When Leila Sawenko and her husband Tony Maguire reunited with their children after a week away in Sydney in March 2020, lots of cuddles and kisses were shared. Unknowingly, the couple also shared something else with their three young children – COVID-19.

A week after arriving home, Leila and Tony began to feel unwell. Leila received an email saying some NSW relatives had tested positive for the virus, prompting the couple to get tested. The results came back positive.
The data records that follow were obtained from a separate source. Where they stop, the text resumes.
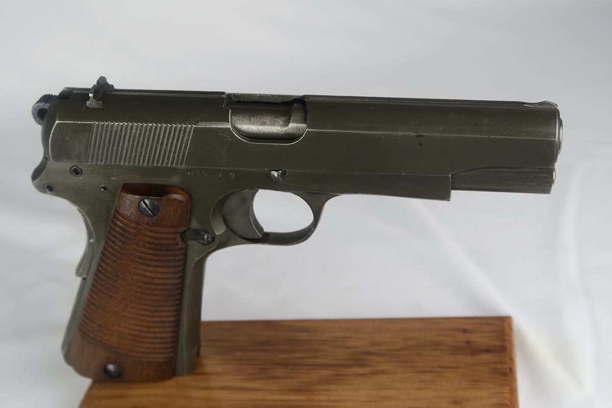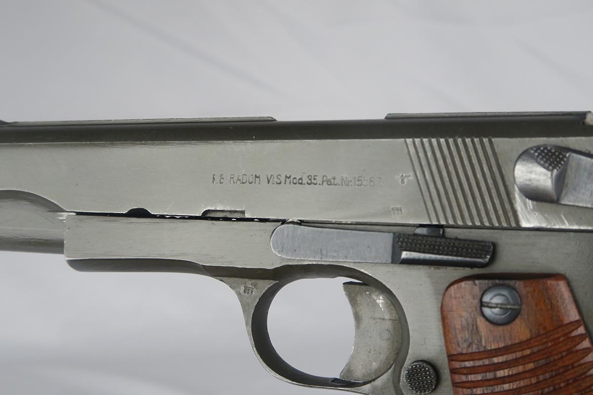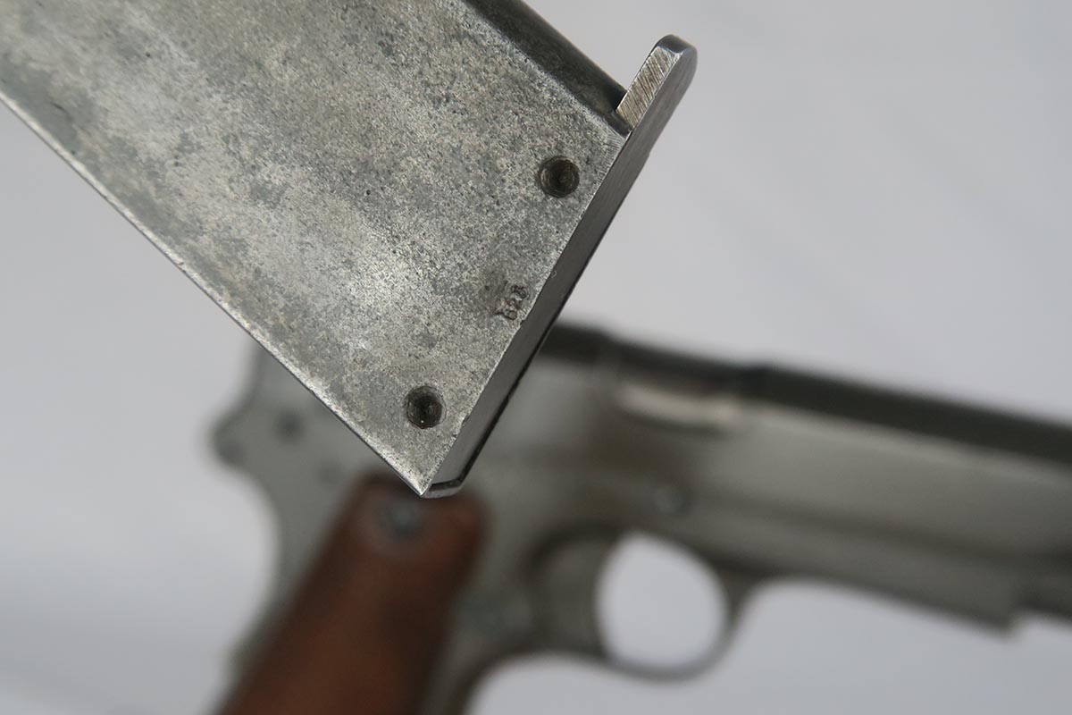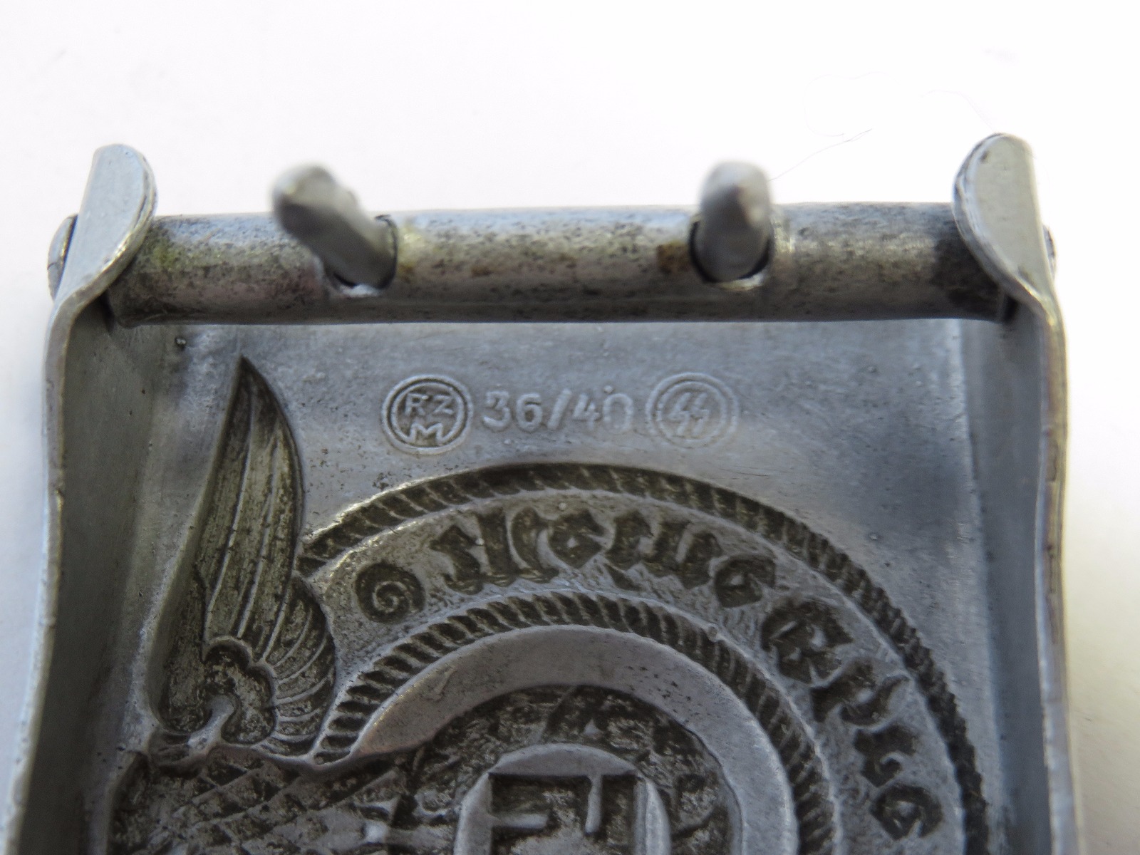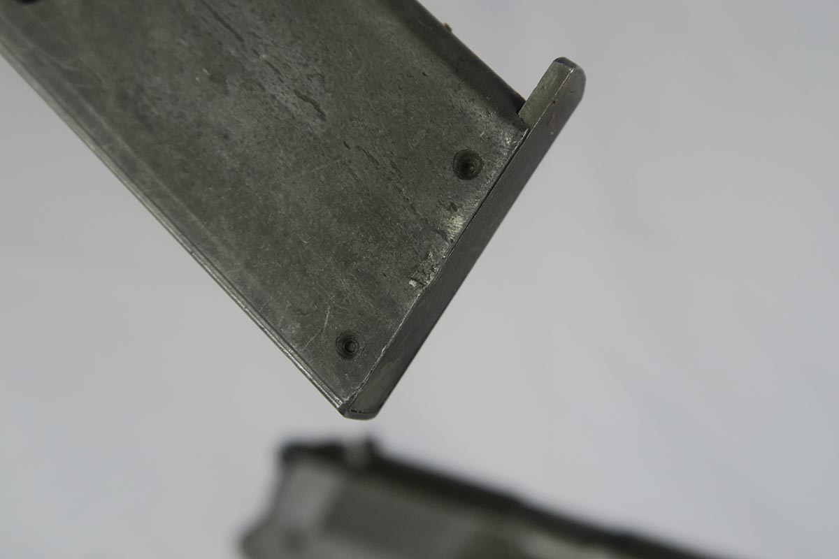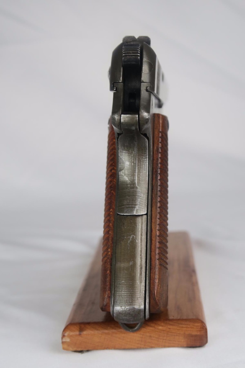 9/15/17 – This is a rare and unique offering: we have a late WW2 production phosphate Radom P.35 in beautiful condition, complete with a named SS Radom holster, uniform belt, and SS buckle. The story behind this one is that the veteran obtained this in Czechoslovakia after returning home from WW2. Like most bring-back stories, the soldier claimed to have pulled this off a dead SS Officer. This story though has believable evidence due to the faint ink writing within the Radom holster. The ink is old and faded, clearly original. We read “SS Uscha” on the first line which is an abbreviation for the German rank equivalent to Seargent. The next line we read “Gerh.” which we believe is an abbreviated first name, followed by a last name of this SS officer. This to us is concrete evidence that the holster was carried by an SS officer. The holster is also waffen proofed and 1942 dated on the interior leather. The gun, as previously mentioned, is late war phosphated – and one of the nicest examples we’ve ever seen! The finish only has minor wear near the muzzle, front strap, and back strap. The grips are original and excellent. A very minty piece with a mint bore to boot! Also, we note that there are two very rare waffen eagle/623 proofed magazines included. These are the rarest of Radom magazines. The belt is black leather and unmarked, while the buckle is RZM stamped “RZM 36/40” with SS within two circles after. Guaranteed all original and authentic. The story doesn’t come with any paperwork, only with what’s shown in photos!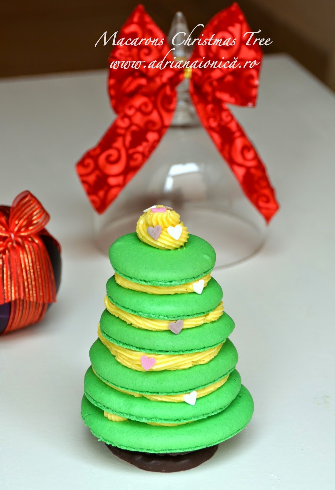 Montarea bradutului de macarons (ca in poza). Alege cochilii de macarons de marimi diferite. Pe fiecare baza de coaja, spriteaza un cerc de crema de vanilie, apoi acopera cu o alta coaja. Porneste de la cel mai mare macaron si continua cu dimensiuni din ce in ce mai mici, formand un „brad”. Deasupra, decoreaza cu un mot de crema de vanilie si ornamente: inimioare din zahar, perle, decoruri comestibile.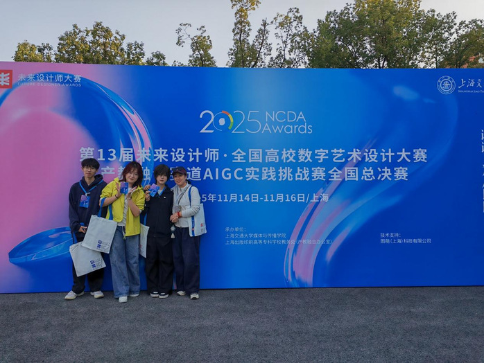 11月16日,在上海交大落幕的2025第13屆未來設計師·全國高校數(shù)字藝術(shù)設計大賽(NCDA)國家級產(chǎn)教融合賽道—AIGC實踐挑戰(zhàn)賽主題實踐大賽全國總決賽中,我校設計學院王瑩瑩、羅沁雪、溫尼西同學在石林老師的指導帶領(lǐng)下,從全國146支參賽隊伍中脫穎而出,榮獲全國二等獎。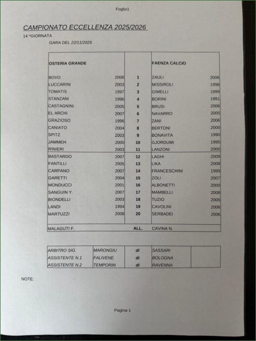 OSTERIA GRANDE-FAENZA: 0-2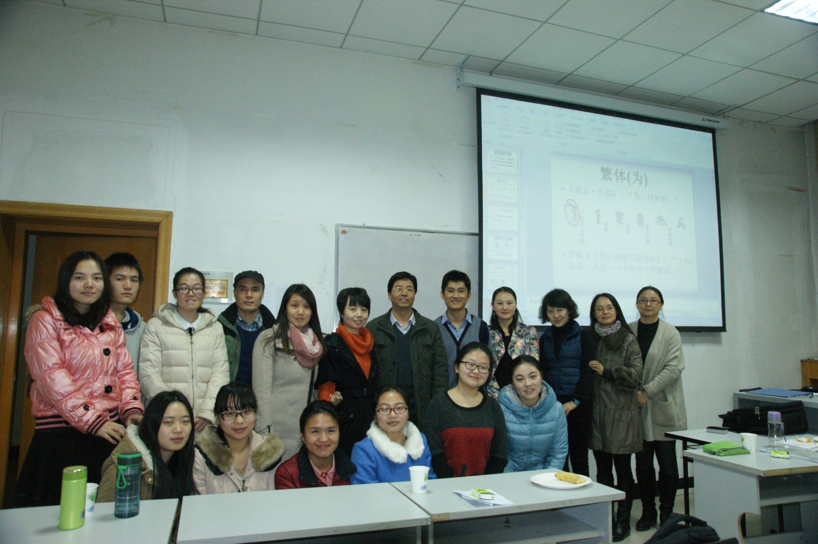 关于汉字形义统一性、因形求义的问题,孙建伟老师目前已发表2篇十三水相关的文章,分别是《文字发展定律对汉字形义统一的影响》(《理论月刊》,2013年第7期)、《汉字形义统一的发生、发展与功能论》(《中南大学学报》,待刊)。对于汉字形义统一性、因形求义问题进行了专题探究,考察了汉字形义统一性的动因,分析了因形求义的可行性和必要性等问题。通过此次沙龙活动,大家对如何将科研成果转化为教学内容体现在课堂教学中有了更深入和一致的看法。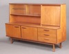 | 106 | A mid-century teak sideboard, the raised back fitted a cocktail unit, display cabinet enclosed by glazed panelled doors above a recess, the base fitted a cupboard enclosed by panelled doors, flanked by 3 drawers 123cm h x 184cm w x 46cm d (veneers missing in places) | 30-40 |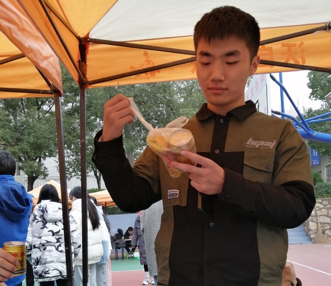 两个小面包、一瓶红牛、一块士力架,这是旅游与航空服务学院为队员们精心准备的爱心礼包。
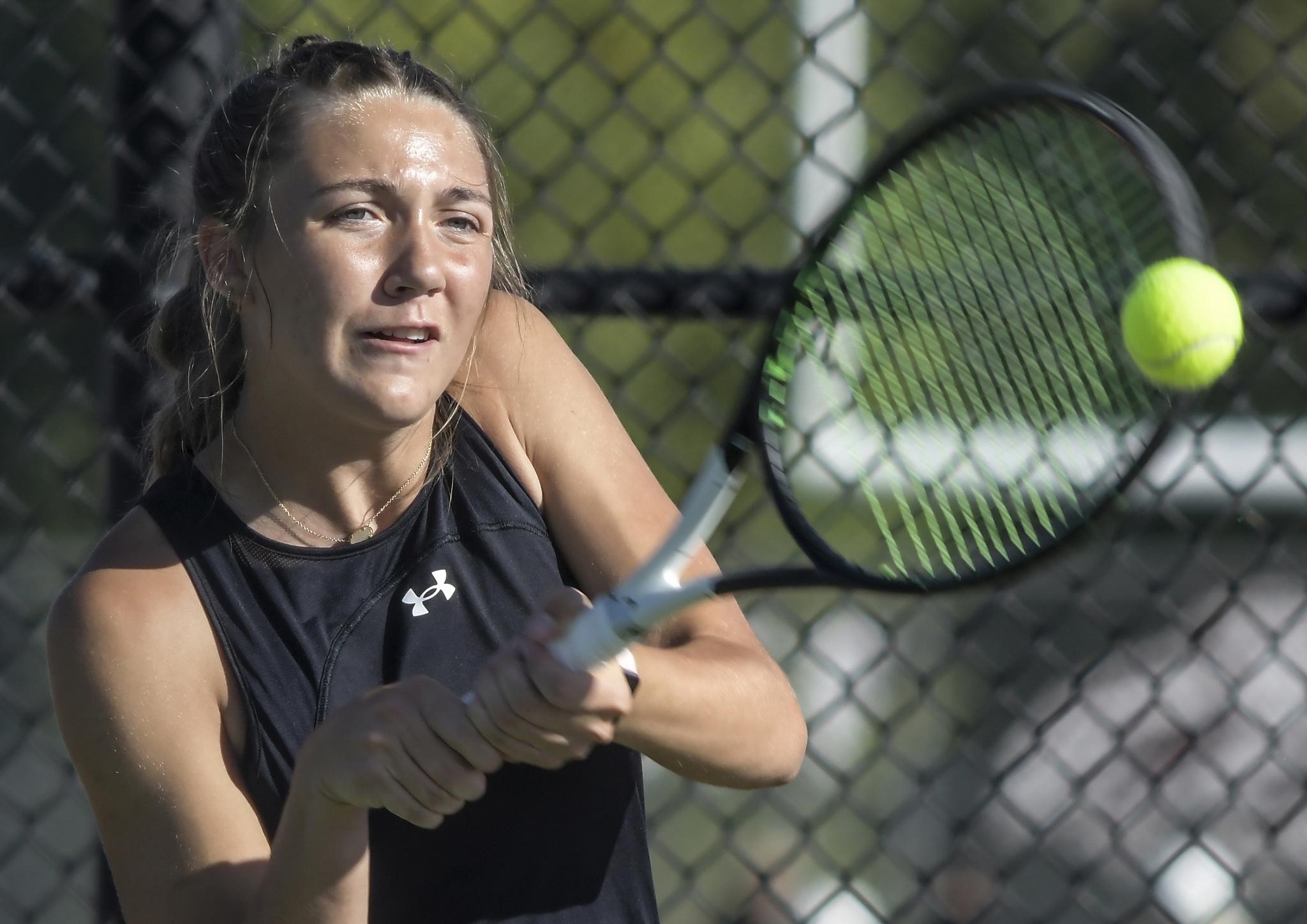 Garden City High School’s Chloe Ptacek hits a backhand shot in a singles match during the GCHS girls’ tennis invite in September. BRAD NADING/GARDEN CITY TELEGRAM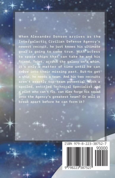 When Alexander Donson arrives as the Intergalactic Civilian Defense Agency's newest recruit, he just knows his ultimate goal is going to come true. With access to space ships that can take he and his friend, Tajet, across the galaxy on a whim, it's only a matter of time until he can delve into their missing past. But to get a ship, he needs a team. And his two recruits aren't exactly top-team potential. With a spoiled, entitled Technical Specialist and a pilot who can't fly, can Alex forge his squad into the Agency's greatest team? Or will it break apart before he can form it?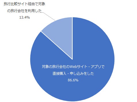 旅行業界においては、複数の旅行予約サイトを横断で検索し、宿泊施設や航空券などを料金比較できる旅行比較サイト(Trivagoやトラベルコなど)の利用がみられています。該当の旅行会社の利用において、購入・申し込みをした手段を調査したところ、全体の13.4%が「旅行比較サイト経由で対象の旅行会社を利用した」と回答しました。また、「対象の旅行会社のWebサイト・アプリで直接購入・申し込みをした」と回答した割合は86.6%となりました。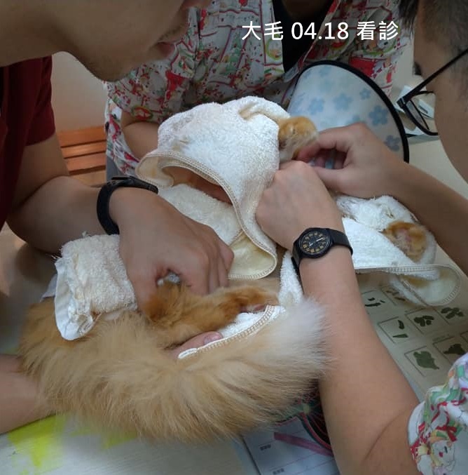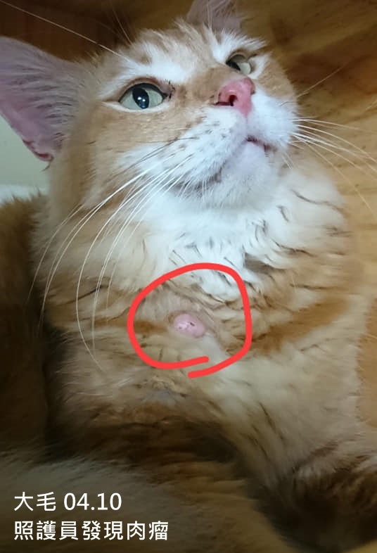 今年4月10日大湖的照護員發現大毛的脖子下方有顆肉瘤,便安排至台北的極光動物醫院請腫瘤專科醫師檢查,醫師進行採樣檢查,幸好結果是良性瘤,便再安排將大毛送回大湖安養之家。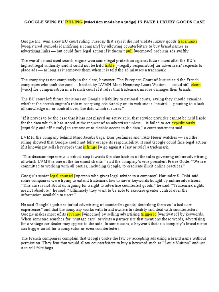 GOOGLE WINS EU RULING [=decision made by a judge] IN FAKE LUXURY GOODS CASE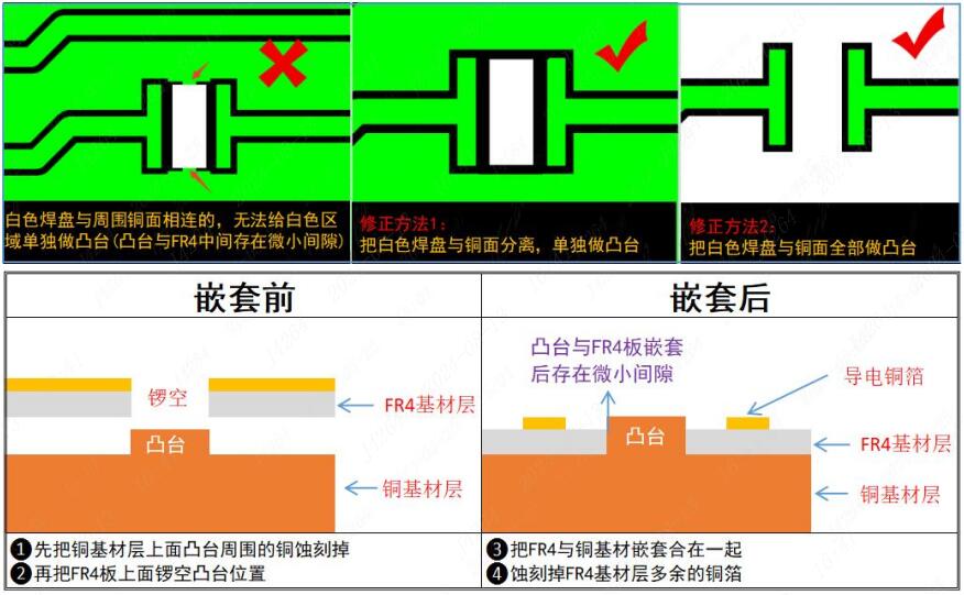 ① 所有凸台跟铜基相连在一起,设计大面积凸台应避免把导电的焊盘/线路等包围(因凸台位置在FR4板会锣空,若凸台中间有焊盘就会锣脱落)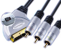 KULLATTU KORKEALAATUINEN SCART- 3 x RCA (Video + stereoääni) KAAPELI METALLIKUORISELLA LIITTIMELLÄ, JOSSA KÄYTTÖSUUNNAN VALINTAKYTKIN | ||||||||||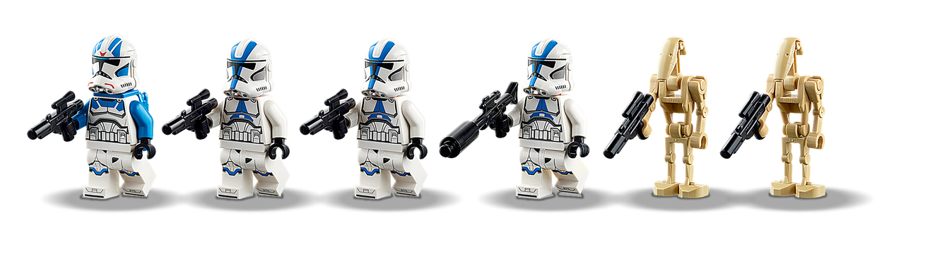 - Zestaw konstrukcyjny LEGO® Star Wars™ zawiera cztery minifigurki LEGO: szturmowców 501. legionu klonów (nowość na 2020 r.) oraz szturmowca z plecakiem odrzutowym, a do tego plecak odrzutowy, dwa droidy bojowe i broń, by można było odgrywać bitwy.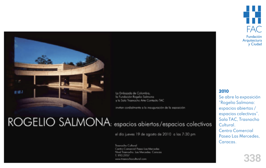 La exposición itinerante “Rogelio Salmona: espacios abiertos/espacios colectivos” llega a Caracas el año 2010, con los auspicios de la Embajada de Colombia, la Fundación Rogelio Salmona y la Sala Trasnocho Arte Contacto TAC, como una de sus últimas escalas internacionales, tras haber sido montada por primera vez en 2006 e iniciado un periplo que la llevó a ser apreciada en 16 países de Europa, Asia y América y en las ciudades más importantes del mundo.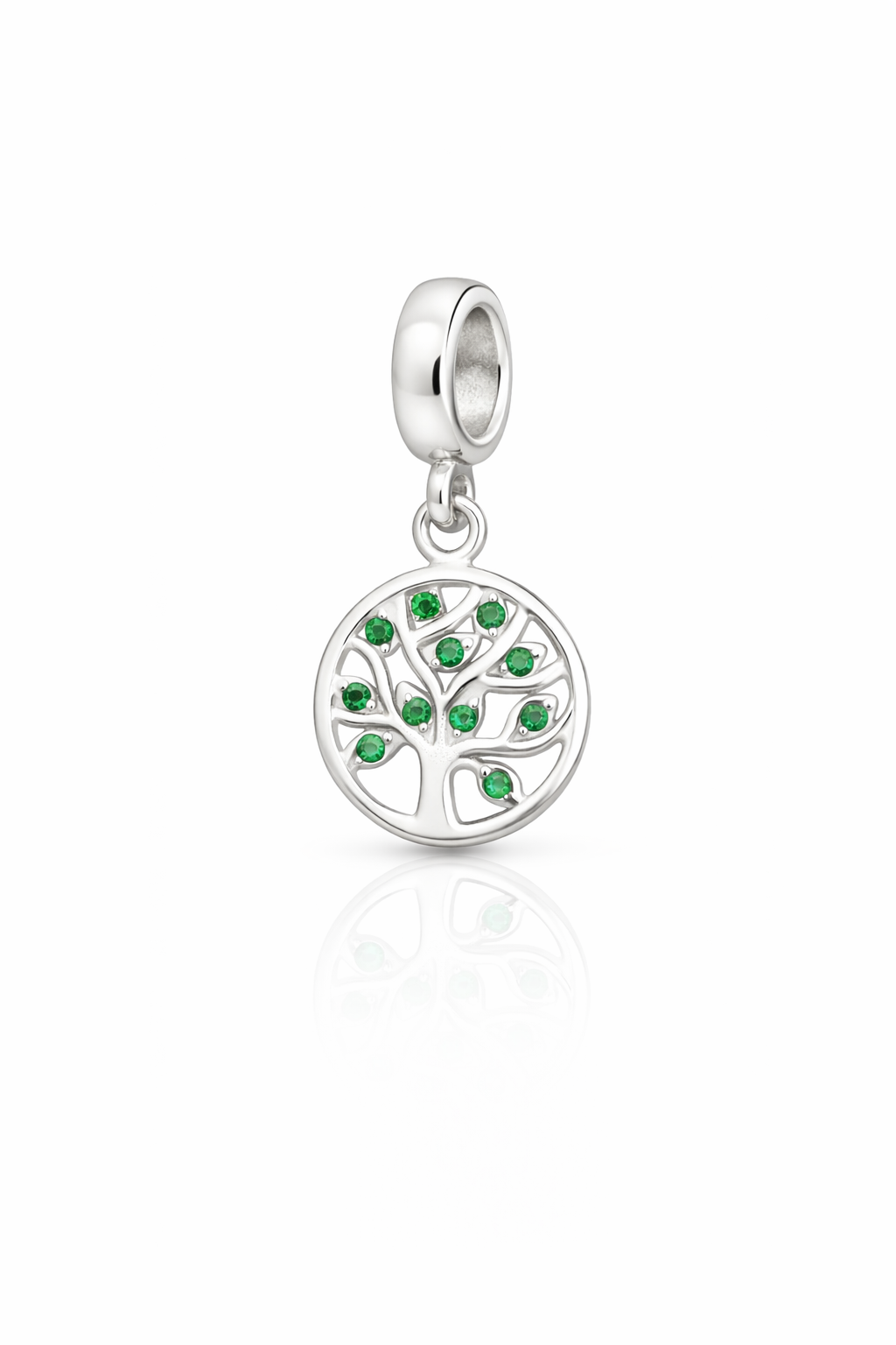 Berloque em prata com design delicado da Árvore da Vida, símbolo de crescimento, força e conexão com as raízes. O formato circular envolve galhos elegantes cravejados com pedras verdes luminosas, que representam renovação, equilíbrio e prosperidade. O acabamento polido realça o brilho da prata e destaca cada detalhe do desenho, criando uma peça sofisticada e cheia de significado. Compatível com pulseiras padrão, é o berloque ideal para quem deseja carregar proteção, energia positiva e um toque de elegância no dia a dia.

The couple's three children – Bodhi, 9, Lenny, 7, and Marley, 6 – were tested but negative. It was a surprise, given they lived in such close quarters with their parents.

Technically, this was a case of chronic exposure. So, what was going on? Suddenly, the family became a perfect case study for researchers trying to understand how children's immune response to COVID-19 differed from adults.

The family of five shared blood, saliva, stool and urine samples, as well as nose and throat swabs, with a team of 30 researchers led by the Murdoch Children's Research Institute (MCRI). Samples were taken every two to three days over a month.

While Leila and Tony experienced heavy flu-like symptoms, their children's experience was more like a cold. Bodhi reported a cough, sore throat and abdominal discomfort, while Lenny had a mild cough and runny nose. Marley, the couple's youngest child, who had been sharing a bed with her parents while they were infectious, displayed no symptoms at all.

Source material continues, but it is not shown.